Я рассказал генералу, что мне было известно.
Вскоре вызвал меня генерал—лейтенант Кочетков, начальник наших академических
курсов. Тоже человек великолепный. Он был начальником разведки в Сталинградской
операции. Разведчик высочайшего класса. Михаил Андреевич говорил со мной
откровенно, не скрывая симпатии ко мне и огорчаясь моим намерением уйти.
— Зачем ты это затеял? Через два года защитишь кандидатскую, через пять
докторскую. Тебе сейчас сколько лет? Двадцать семь? Вот видишь, в тридцать два
будешь доктор. Станешь начальником кафедры.
Я чувствовал себя отвратительно, будто в чем—то подвел заслуженного, искренне
уважаемого мной генерала.
— Как—то так получилось. Не хотел я вас огорчать. Сурин предложил, а я
согласился. Вроде бы поживее там работа.
— Да теперь поздно, после драки кулаками не машут. Я даже к маршалу
Василевскому обращался (тогда он был министром вооруженных сил). Он сказал:
«Приказ начальника Генштаба отменять не стану». — Кочетков помолчал и добавил:
— Так что иди — прибывай к новому месту службы. Сурин мужик хороший, на другого
обиделся бы, на него не могу.
И вот Сергей Иванович скончался. Себя не жалел, скосил инфаркт. После похорон с
кладбища родные и близкие, друзья вернулись на его квартиру, чтобы по русскому
обычаю помянуть усопшего. Среди его друзей был весь цвет нашей советской
разведки: начальство ГРУ, начальники управлений (почти все они бывшие
начальники разведки фронтов или армий в годы войны), среди них и Кочетков.
Были приглашены и заведующие отделами нашего управления. Была здесь и Катя —
бессменная машинистка Сергея Ивановича многие годы. У Сурина был очень
своеобразный почерк. Писал он по линейке, обычно деревянной или пластмассовой,
и все завитушки у таких букв, как «у», «д», «р» у него шли вверх, вниз не
пускала линейка. Почему и когда он пристрастился к такому писанию — не знаю.
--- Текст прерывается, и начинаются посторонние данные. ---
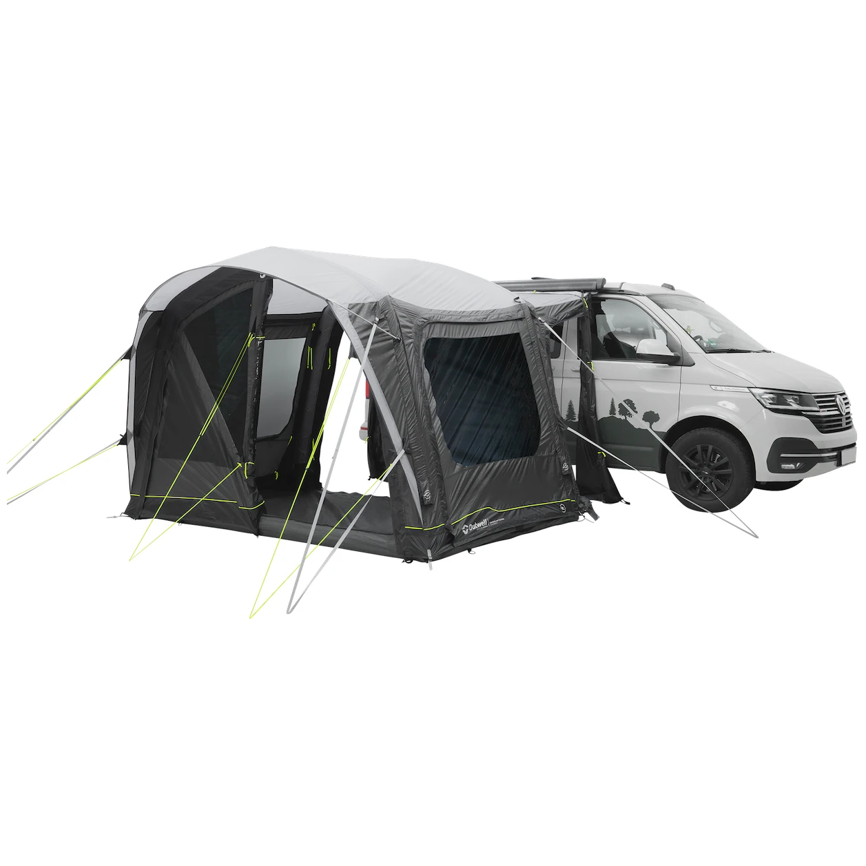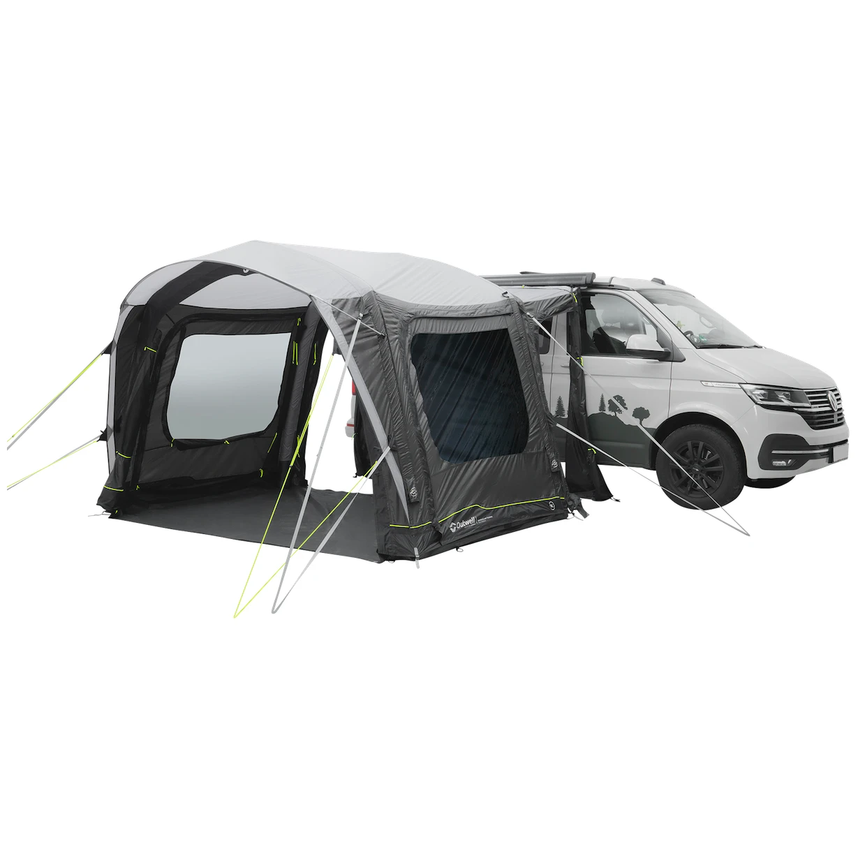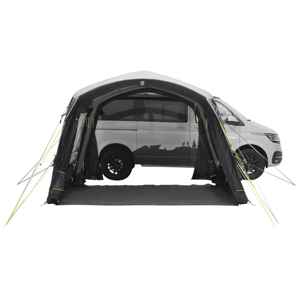 Do namiotu prowadzi główne, duże wejście bez progu z moskitierą. Można je całkowicie odsunąć na bok, aby nie przeszkadzało, lub otworzyć tylko od góry dla dodatkowej wentylacji. Pozostałe dwa wejścia boczne znajdujące się naprzeciwko siebie umożliwiają całkowite otwarcie namiotu. Duże przyciemniane szyby zapewniają dużo światła, ale także ochronę przed promieniowaniem UV i prywatność. Można je zaciągnąć zasłonami i zaciemnić przestrzeń dla lepszego snu.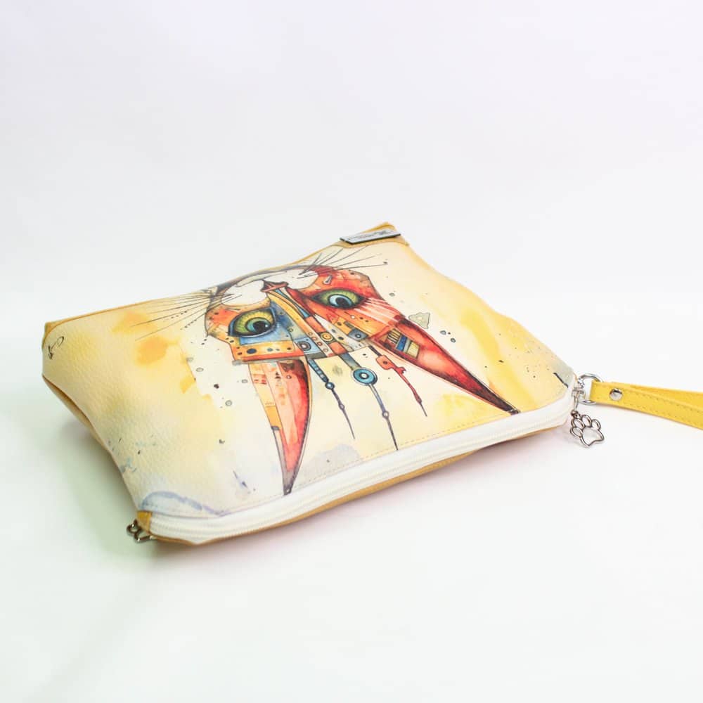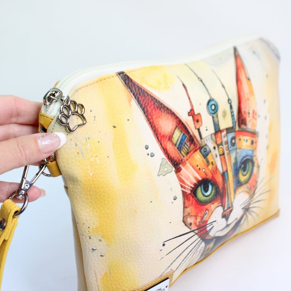 Praktična in velika toaletna torbica, ki združuje funkcionalnost in umetniški pridih. Spredaj jo krasi barvit motiv mačke, ki bo zagotovo izstopal, kamorkoli jo vzamete.
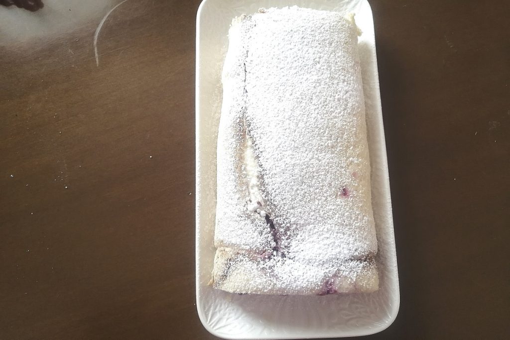 • Die Rolle auf eine Servierplatte legen und mit Puderzucker bestäuben.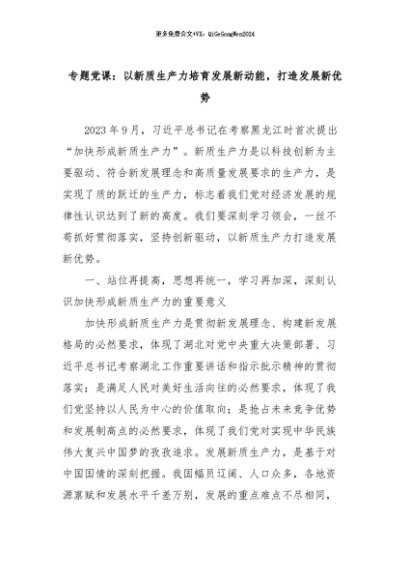 【七哥公文】2024年:专题党课:以新质生产力培育发展新动能,打造发展新优势+更多免费公文+VX:QiGeGongWen2024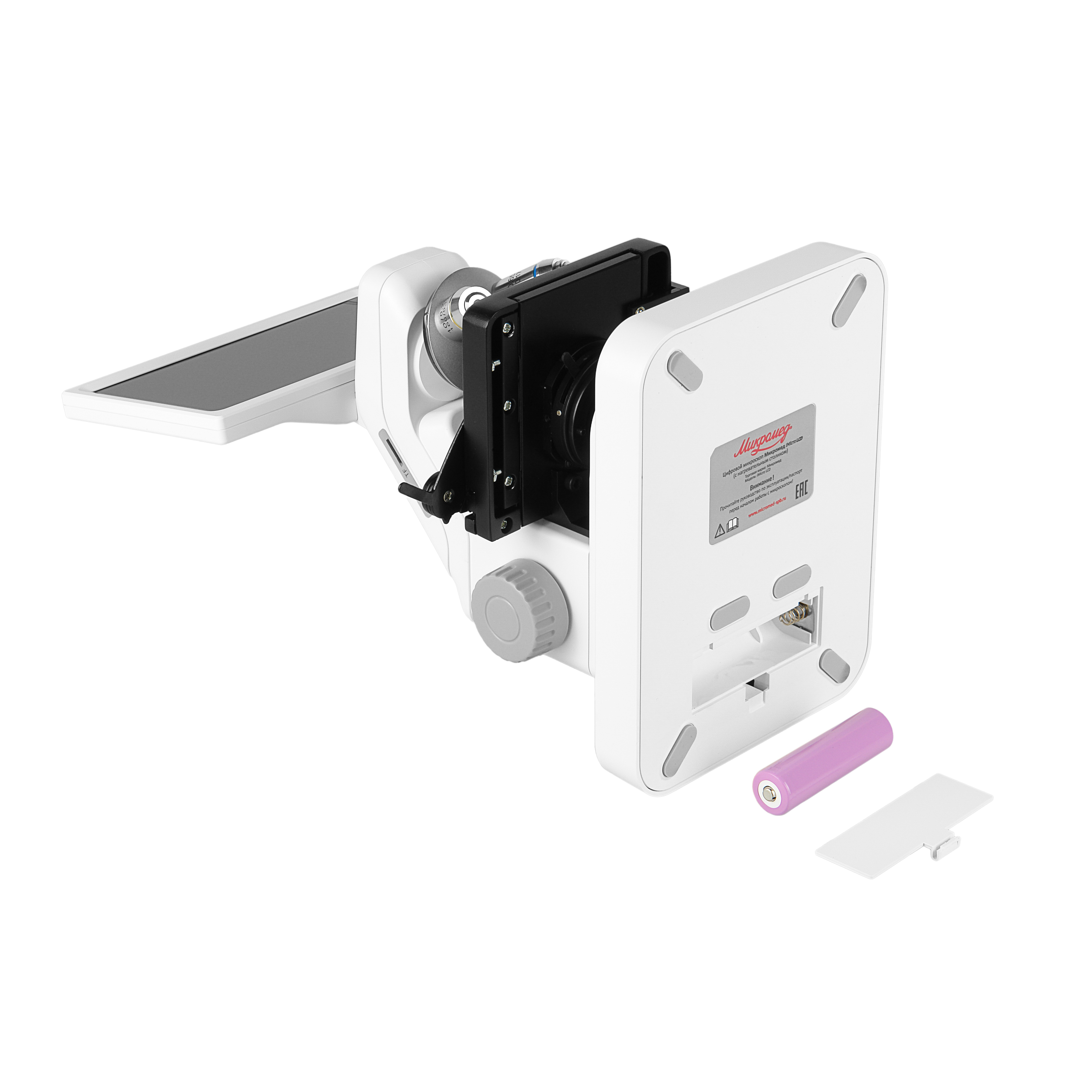 Встроенная 3Мр камеры и IPS монитора 7” позволяют в режиме реального времени и без чрезмерного напряжения глаз наблюдать изображение на мониторе микроскопа без подключения к ПК. Жидкокристаллическая матрица c технологией IPS позволяет наблюдать отчетливое изображение с углами обзора до 170⁰ без затемнения, это позволяет проводить с комфортом групповые занятия.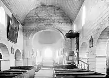 Même par un jour de plein soleil, la nef est sombre comme une tombe. L'on y voit juste assez pour trouver son chemin et repérer sa chaise. Le regard est automatiquement attiré par le sanctuaire, illuminé par le jour qui entre par les cinq baies de dimensions moyennes. Cet effet est sans doute voulu, car la liturgie se pratiquait en regardant en direction de l'orient, et les églises étaient traditionnellement orientées, sauf en cas de contraintes topographiques. Bien que les murs de la nef soient blanchis, le recours à l'éclairage artificiel est donc indispensable. Mais celui-ci est parcimonieux et limité aux bas-côtés, la nef n'étant éclairée qu'indirectement. Les grandes arcades sont ainsi mises en valeur, ce qui produit un effet graphique intéressant. C'est, avec l'harmonie des proportions, l'un des piliers sur lequel repose l'esthétique de la nef, qui, selon Dominique Vermand, est d'une sobre élégance. La régularité des grandes arcades et de la répartition des fenêtres évite les tensions et est perçue comme apaisante. En même temps, la structure quelque peu diffuse de la charpente, plongée dans l'ombre, évite la monotonie qu'apportait jadis la fausse voûte en berceau. Avec cette charpente apparente, l'architecture de l'église n'est pas faite pour éblouir. L'absence de mobilier autre que les chaises traduit le retour à l'essentiel, et en supprimant toute source de distraction, favorise le recueillement. La décoration se limite à de discrètes peintures murales en ocre rouge et jaune, aujourd'hui en grande partie effacées, et qui ont échappé à l'attention de tous les auteurs. La même ambiance devait régner à la période romane, sauf qu'il n'est pas certain que des vitraux peints en grisaille existaient déjà. Avec une longueur de 11,60 m et une largeur de 6,00 m environ, la nef représente une superficie d'approximativement 70 m2 et peut accueillir une centaine de personnes assises, soit la totalité des habitants du village[27].

Больших текстов он не писал, а резолюции или короткие письма обязательно гнал
по линейке: положит ее на бумагу и быстро—быстро пишет, и все завитушки вверх.
А потом порой и сам не может прочитать, зовет машинистку: «Катя, ну—ка посмотри,
что я тут написал?»
Только Катя могла разобрать его почерк. Кстати, и с самой Катей произошла много
лет назад любопытная история. Ее взяли на работу в управление сначала в машбюро.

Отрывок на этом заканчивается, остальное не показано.